Inside View Jan/Feb 2015

When high school graduates in the United States head off to college or work, Israeli graduates enter the military. Men are required to serve for three years and women for two. Men remain in the reserves until they are 40.

This is the price demanded to live in a neighborhood where most people are committed to your annihilation. The IDF protects, secures, and fights for Israel.

Jane’s Information Group, a British publisher specializing in military topics, considers the IDF the most powerful military in the Middle East, with 176,500 active frontline personnel. That is quite a feat for a nation of merely 6.5 million Jewish people.

The IDF also includes about 6,000 lone soldiers—Jewish young people who move to Israel all alone, without family, specifically to serve in the military.

What would motivate an 18- or 19-year-old to leave the comforts of home to travel to faraway Israel to be a soldier? On our October Up to Jerusalem tour, we were privileged to meet with two lone soldiers. They are sisters Leigh and Shiri Lasman who grew up in Cherry Hill, New Jersey. Both moved to Israel after graduating from high school.
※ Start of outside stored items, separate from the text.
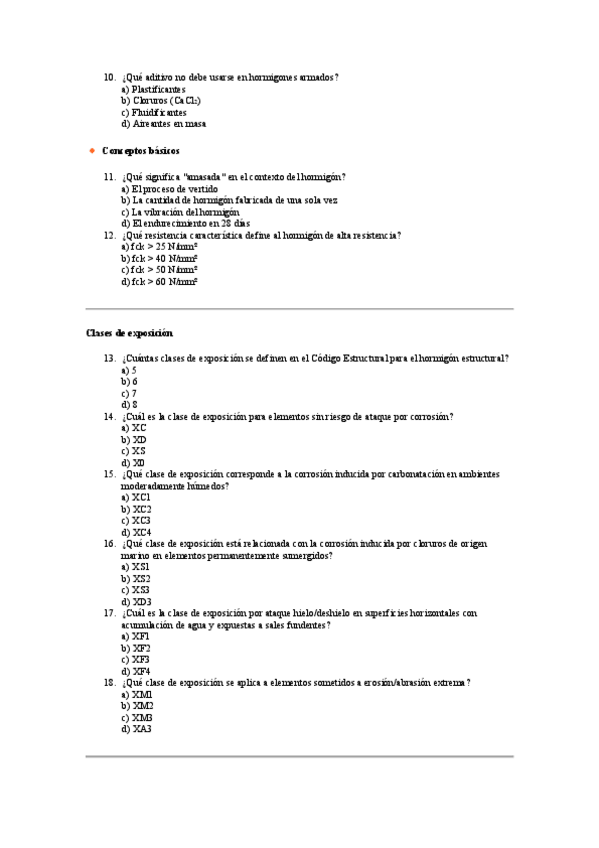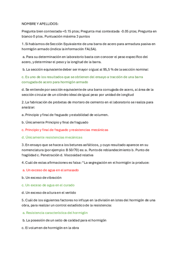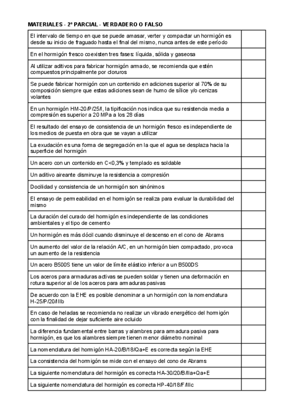 Tipo test MATERIALES DE LA CONSTRUCCIÓN UPV - Hormigón Parte 1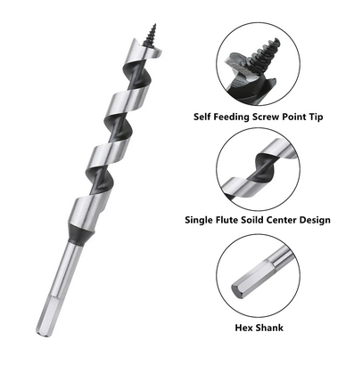 c'est le genre de tarière que j'utilisais aux scouts, mais à la main : la vis permet justement de ne pas se préoccuper d'avoir à appliquer une pression axiale, et ça demande du couple. Je n'ai pas bien compris comment on pouvait utiliser ça pour de l'électroportatif qui va avoir une vitesse de rotation très importante, mais pas forcément beaucoup de couple.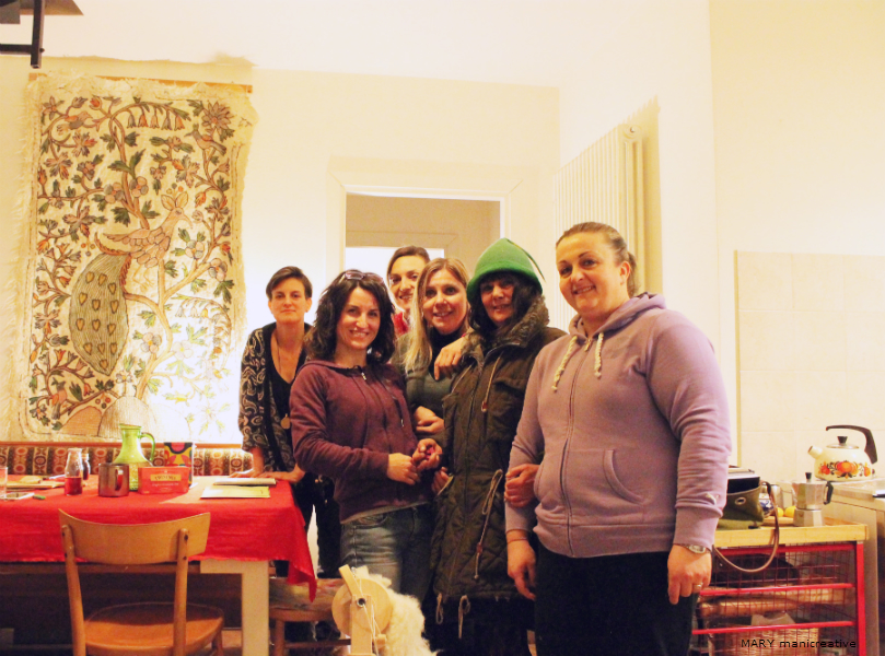 Questo invece è il bellissimo gruppo di lavoro (peccato che manchi Barbara, la nostra insegnante di filatura).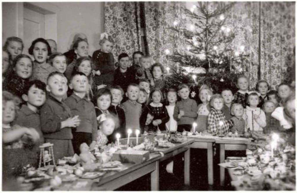 They celebrated Christmas with food on the table and smiling children.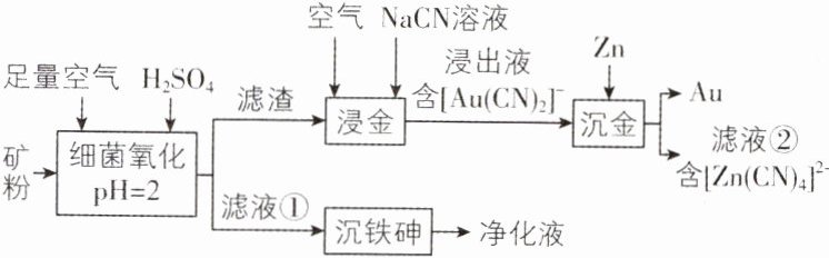 1. [黑吉辽 2024·16,14 分]中国是世界上最早利用细菌冶金的国家。已知金属硫化物在“细菌氧化”时转化为硫酸盐,某工厂用细菌冶金技术处理载金硫化矿粉(其中细小的$Au$颗粒被$FeS_{2}$、$FeAsS$包裹),以提高金的浸出率并冶炼金,工艺流程如下: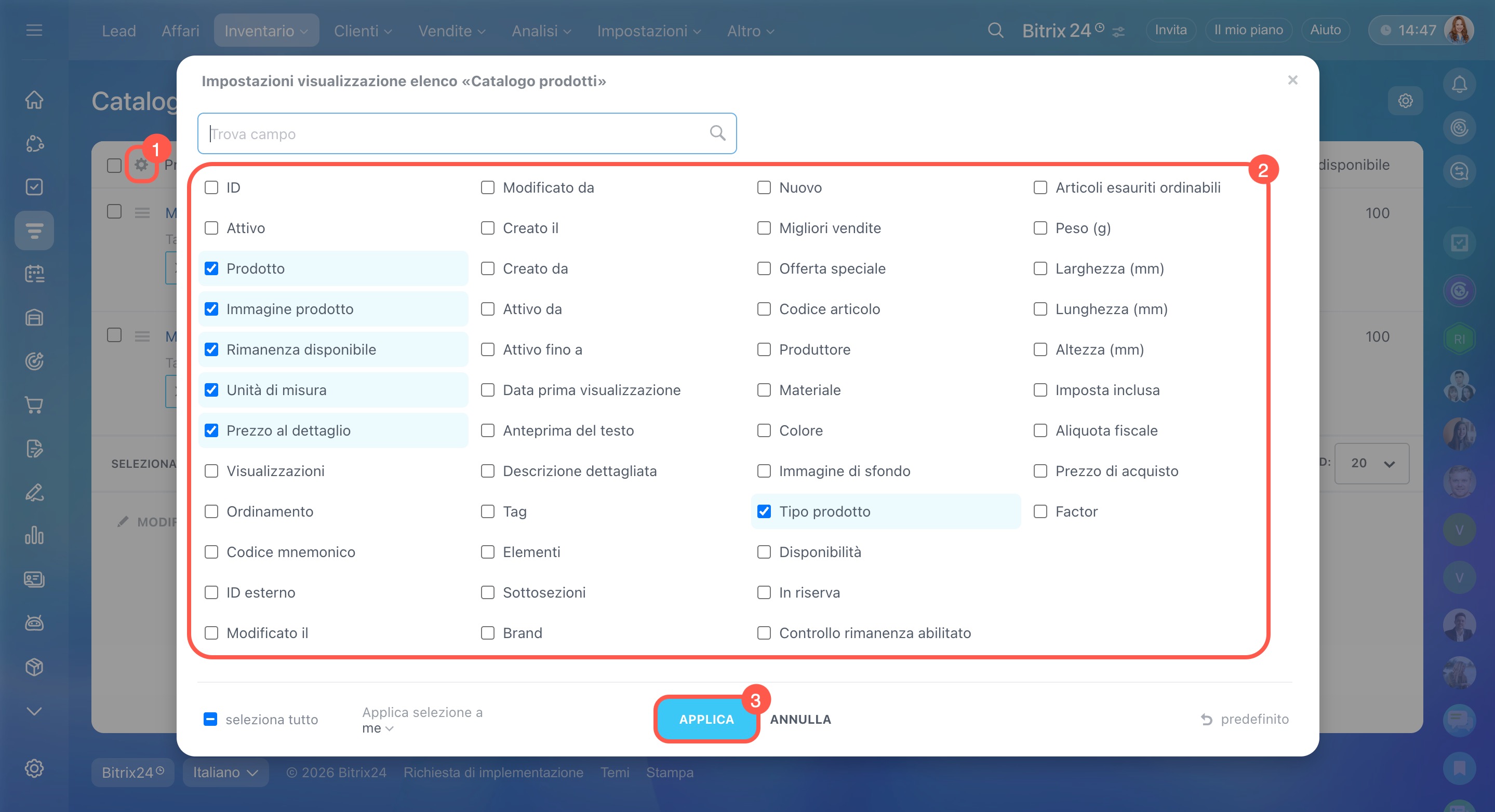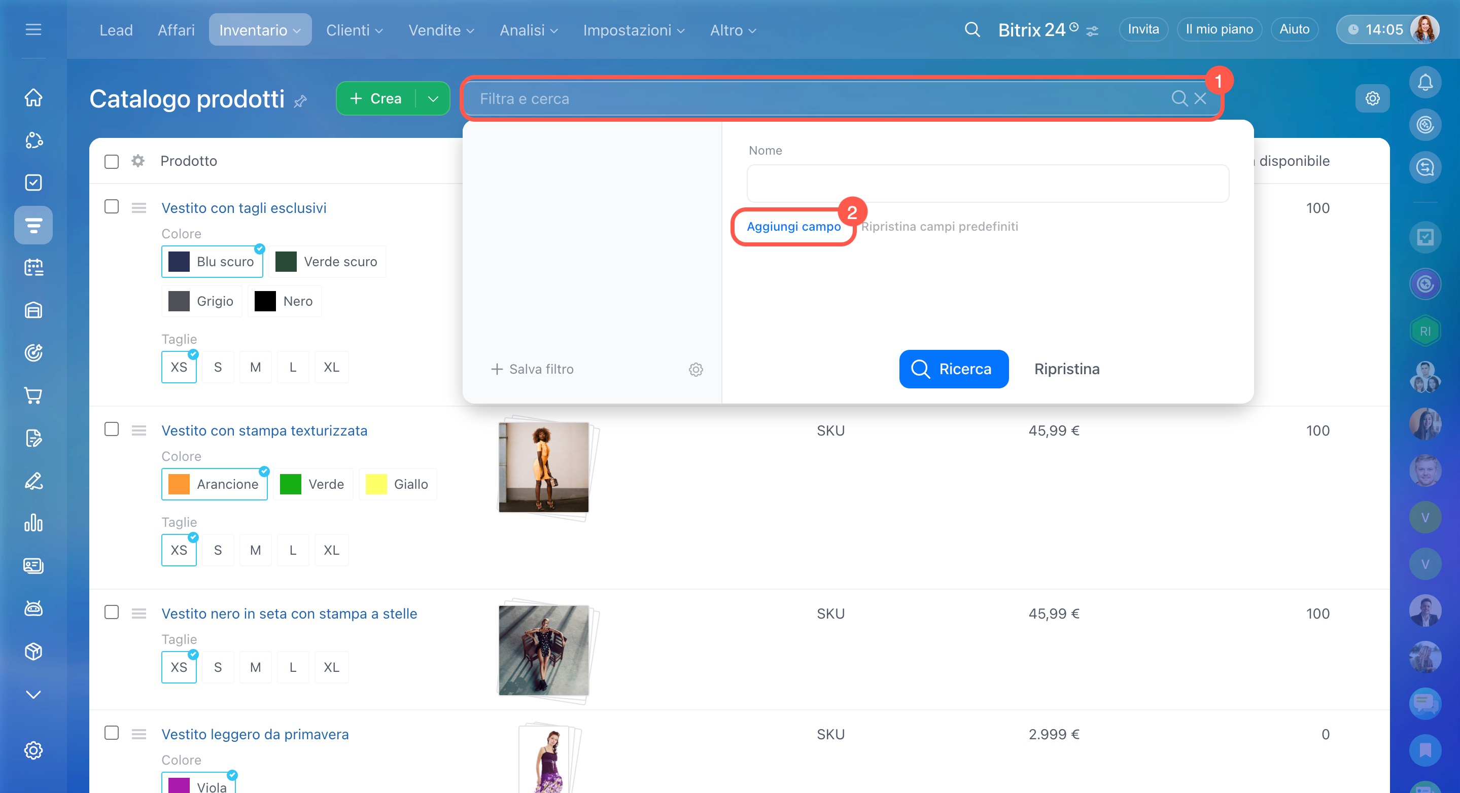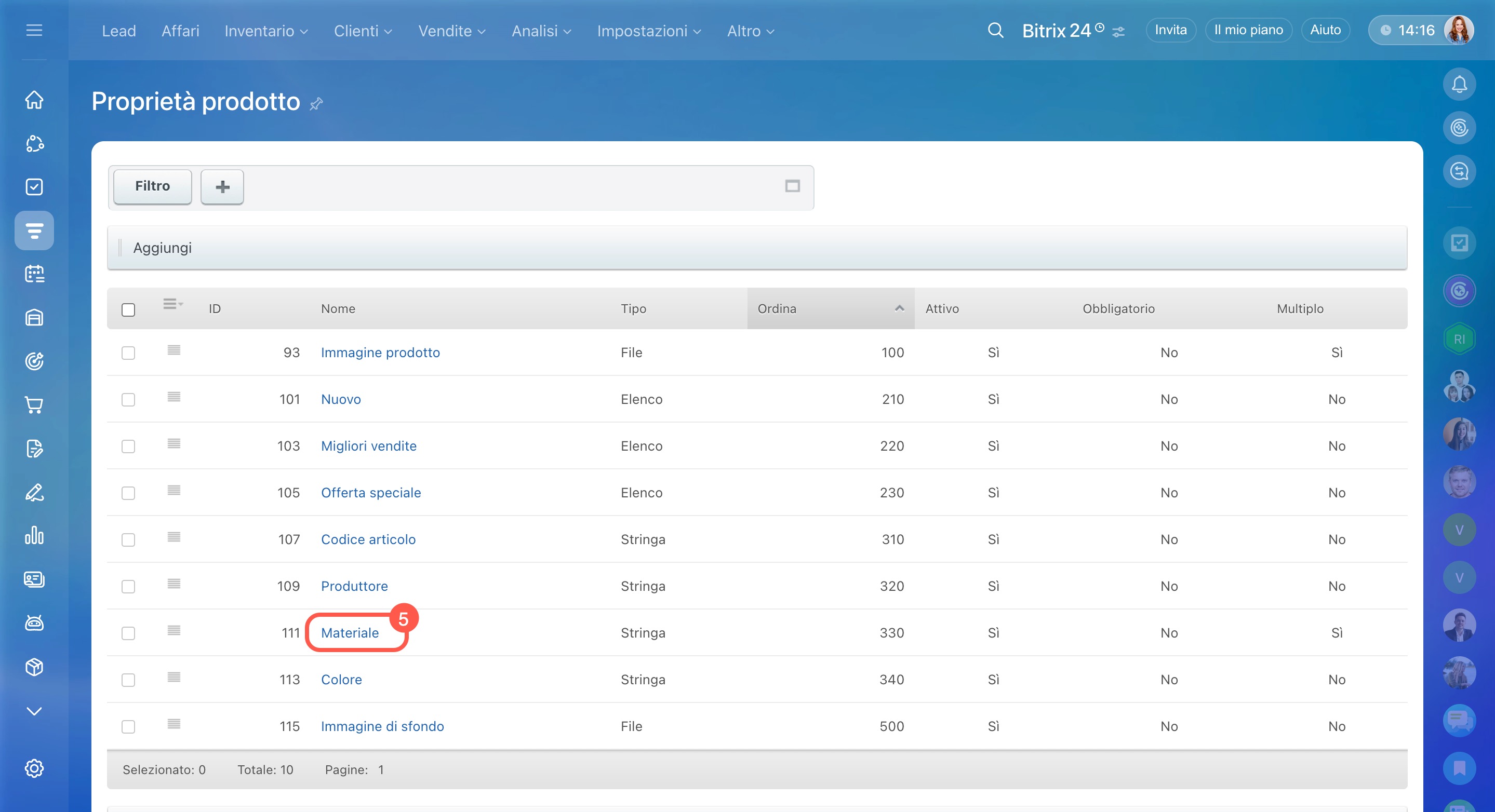 Se un campo utile non è disponibile nell’elenco dei filtri, puoi aggiungerlo dalle impostazioni delle proprietà dei prodotti. Questa operazione può essere eseguita dall’amministratore di Bitrix24 o del CRM.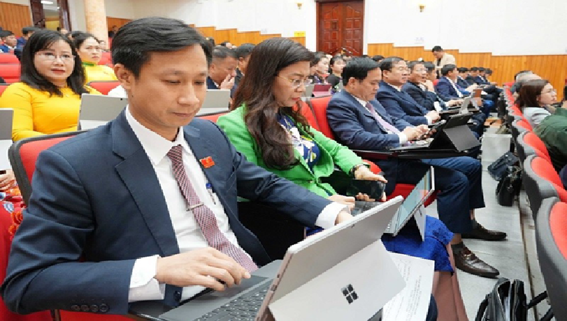 Đại biểu Hội đồng nhân dân tỉnh Điện Biên khóa XV ấn nút thông qua nghị quyết đầu tư dự án cao tốc Sơn La-Điện Biên-Cửa khẩu Tây Trang (giai đoạn 1).
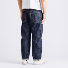 製織には、国産デニム織機の原点ともいえる「豊田力織機」を使用。極限まで弱テンションで織ることで生まれる独特のザラ感は、現行機では再現できない特別な質感です。仕上げもまた、生地本来の魅力を活かすために未防縮・ねじれ防止加工・毛焼きを施さず、キバタの状態からワンウォッシュを実施。綿そのものの風合いを存分に楽しめる一本に仕上がっています。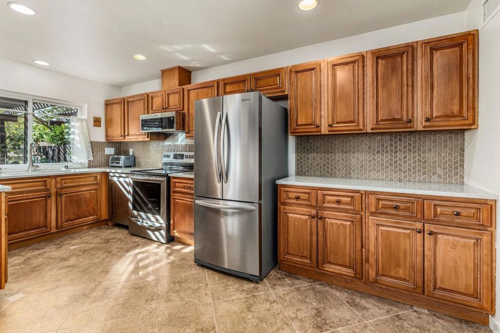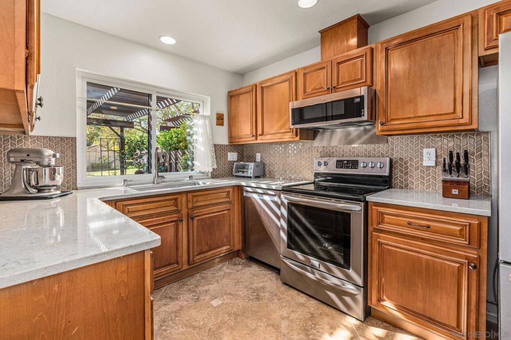 Fabulous Turn Key, 1 story home, in a great neighborhood. This highly upgraded cul-de-sac home, with only 1 common wall, lives like a detached home. Fully remodeled gourmet kitchen, with quartz counter tops, easy close doors & drawers, stainless steel appliances, plenty of counter space & storage. Vaulted ceilings & cozy fireplace in the extra large living room. Plenty of natural light throughout. Third bedroom is currently set up as an office. Both bathrooms have been tastefully remodeled. Wonderful covered back patio perfectly situated to take advantage of the afternoon breeze. Dual pane Anderson windows throughout, new water heater, furnace & duct work 7 years new, all interior doors have been updated, separate laundry room, EV charging station in garage. Short walk to the community pool. Close to all, easy freeway access, nearby shopping, dining, schools, & just steps away to walking trails throughout the community.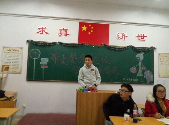 作为一所真正文明的大学,它的文明包括诸多方面,其中,餐饮文化就是一个很重要的内容。因此,文明就餐,从你我做起,从身边的点滴小事做起。为让同学们能够了解且知道文明就餐的意义,2015级临床中药班特于11月16日晚8:30时在和剂书院甲座212教室举办“带走餐余垃圾,留下卫生餐桌”班级活动,此次活动由班长王小伟主持,2015级临床中药班全体学生悉数出席。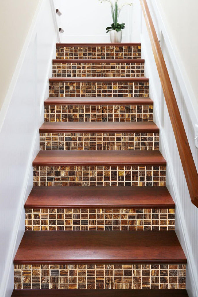 3D Wood Mosaic 975 Marble Tile Texture Stair Risers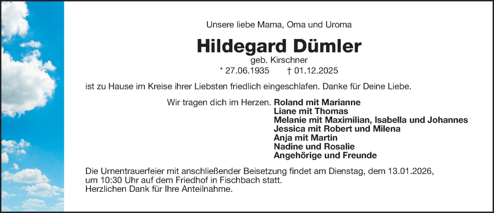 Hier finden Sie alle Traueranzeigen aus der Zeitung, die bisher für Hildegard Dümler erschienen sind. Weitere Traueranzeigen, die in der Zeitung erscheinen, werden hier ebenfalls aufgelistet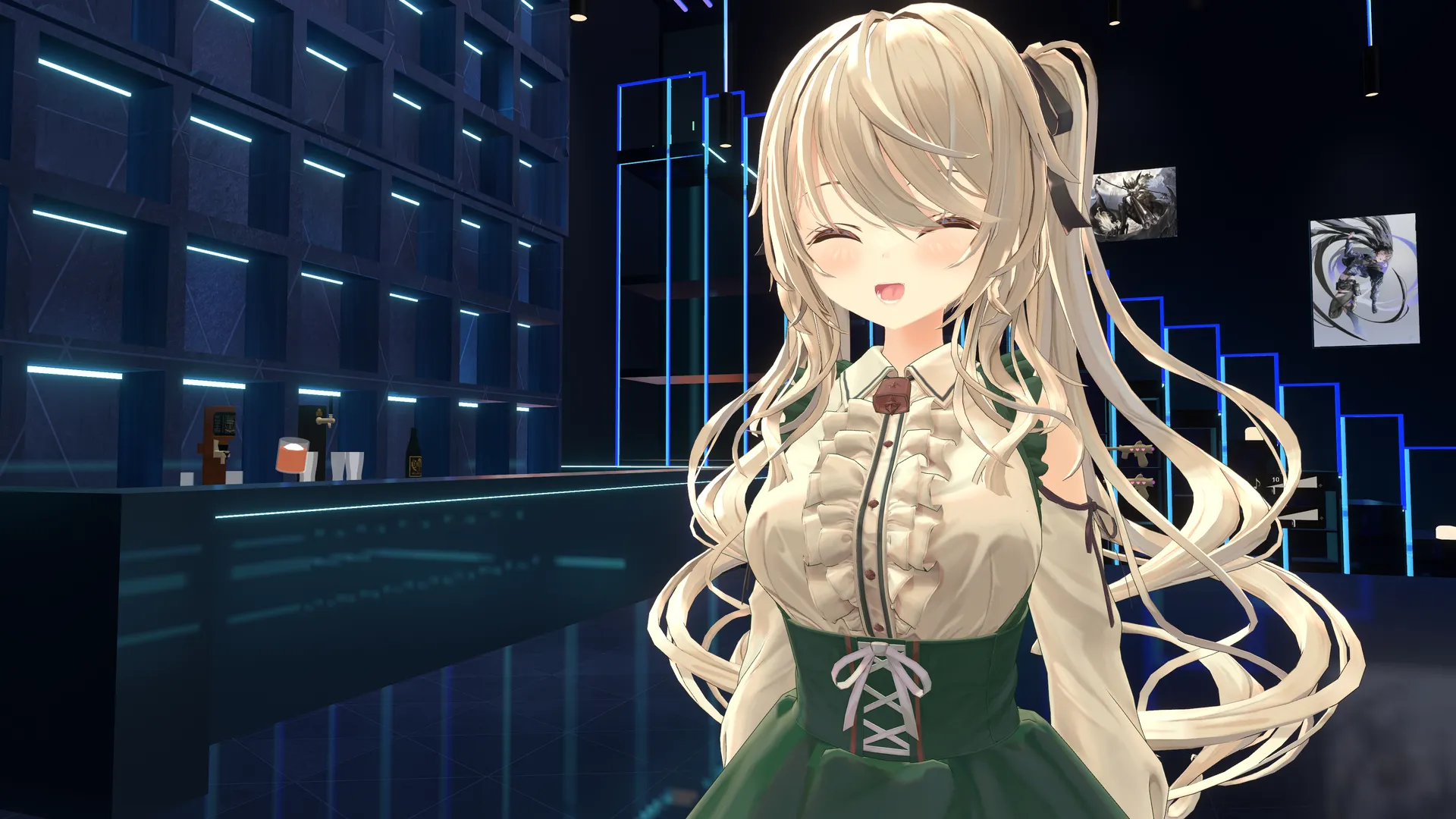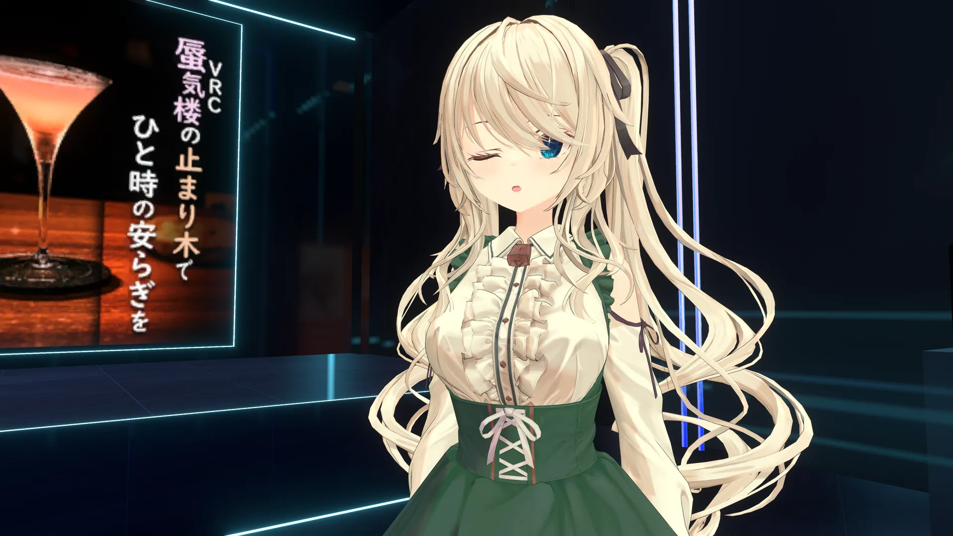 Qじゃぱん横丁の音楽イベント、Sound Bar QJPにて使用するために改変依頼(軽量化)しました。nnオリジナルからの変更点n・黒タイツ化n・ショーツをピンク系n・目を宝石テクスチャn・ワンピースを緑系nにしました。nn私では撮れませんけど、アニメーションでワイングラスも出せます。n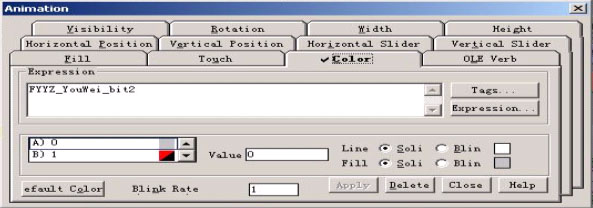 動畫顯示是控制系統監控畫面中的一個重要內容。具不完全統計,80&以上的輸入點有動畫顯示的需求。例如開關量輸入標簽的報警,以填充圖形表示模擬量變化等等。RSView32系統將對象常用的動畫顯示歸納為隱藏(Visibility)、變色(Color)、填充(Fill)、水平移動(Horizontal Position)、豎直移動(Vertical Position)、變寬(Width)、變高(High)、旋轉(Rotation)、觸摸(Touch)、水平滑條(Horizontal Slide)和豎直滑條(Vertical Slide)共11大類,全部集成在動畫編輯窗口內,如圖5所示。一般情況下,動畫顯示受控于表達式欄內填入的標簽值。最常用的例子,如圖5所示,就是根據標簽值改變對象的顏色和閃爍屬性。同一對象可以同時使用兩種以上動畫顯示,控制標簽可以是一個,也可以是多個。例如液壓泵組操作方式出錯的提示字域,當方式未出錯時將其隱蔽。出錯時顯示并閃爍報警。

I wish you could have been with us to hear them tell of their love for Israel, the homeland of their fathers.

Shiri, a trainer in the Israeli Air Force, composed the following lines in the few free minutes she had before talking to our group. It reveals her heart and the challenges and rewards of what it means to be a lone soldier. With her permission, I share it with you:

To be a lone soldier,

To pack two suitcases at the age of 18.

To say goodbye to your parents, your friends, your boyfriend and get on a plane from New York to Ben Gurion Airport, Tel Aviv, with no ticket back. To go to a place that feels like home and that has changed a lot since you last were here. To get down from that plane and see millions of Israeli flags waving at you, and many smiles.

To enlist in the army, full of motivation and have to explain to the Israeli girls, over and over, why you would do such a crazy thing. Why, instead of going to college and getting a degree earlier, you’re volunteering two years of your life to the army.

On weekends, instead of throwing your bag on the floor and giving your laundry to mom, you have to manage your bank account, and do your own laundry, even though you have no idea how.

To make a million mistakes and learn from them. To grow up with no choice. To be independent.

To close Shabbat on base and hope that maybe mom is going to surprise you with your favorite food, like the other moms do.

To constantly remind yourself why you came, when things get a little hard.

To feel that no matter how far away from home you are, you’re already home.

To grow up and learn things about yourself you never knew before. To be independent. To know that after this service, there is nothing in this world you can’t do.

To understand that not only does this country need you, but you need it too.

To be a lone soldier.

Thank you, Shiri, Leigh, and all who serve in the IDF, both active and reserve. God uses your service to preserve Israel in a dangerous neighborhood and to make it possible for people to visit the Holy Land in safety.

A portion of the money given to our Israel Relief Fund supports the Lone Soldier Center in honor of Michael Levin (lonesoldiercenter.com) to help these brave young men and women who serve as lone soldiers.